The Ogawa Lab investigates the molecular mechanisms underlying neuropsychiatric disorders, with a particular focus on the formation, organization, and maintenance of neuronal structures such as the axon initial segment (AIS) and axo-axonic synapses. The AIS is a specialized neuronal domain essential for action potential initiation and serves as the postsynaptic site for inhibitory inputs from Chandelier cells, a unique subclass of interneurons. Disruption of AIS structure or axo-axonic synapses has been strongly implicated in neuropsychiatric and neurological disorders, including autism spectrum disorders, schizophrenia, and bipolar disorder.

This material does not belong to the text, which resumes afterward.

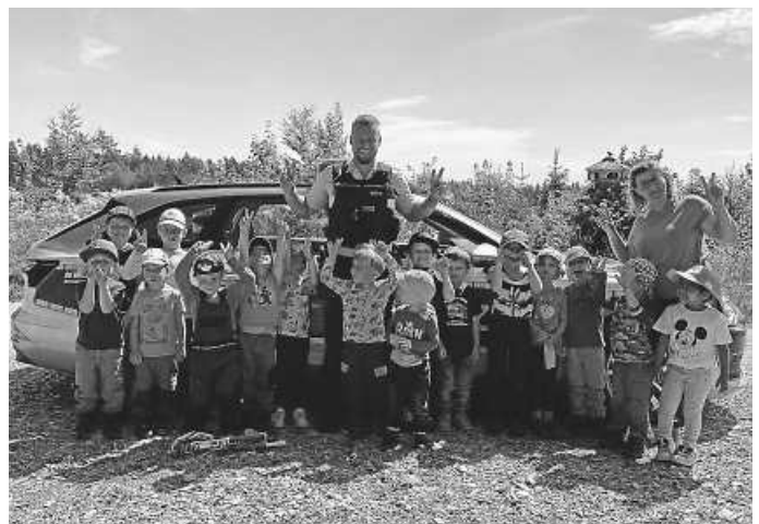
Besuch der Polizei Tuttlingen

Our research integrates proteomics, adeno-associated viral (AAV) vectors, and CRISPR/Cas9-based genome editing to identify and functionally characterize proteins required for AIS organization and axo-axonic synapse assembly. Using differential and proximity-based proteomic approaches, we have discovered novel AIS-enriched and axo-axonic synapse-associated proteins, including Contactin-1 (Nature Communications) and Gephyrin (PNAS), and revealed their essential roles in synapse formation and neuronal circuit integrity.
To address those fundamental biological questions, the Ogawa Lab develops innovative experimental strategies that overcome long-standing technical barriers in neuroscience. To this end, we established the Hide-and-Seek genome editing system, which enables efficient, cell-type-specific manipulation of multiple genes in vivo without the need for complex breeding of transgenic mouse lines. This platform dramatically increases experimental throughput and allows systematic functional characterization of axo-axonic synapse-associated molecular mechanisms that were previously inaccessible.
Through these approaches, the Ogawa Lab aims to uncover general principles governing neuronal polarity, synapse assembly, and circuit stability, while providing broadly applicable tools for the neuroscience community.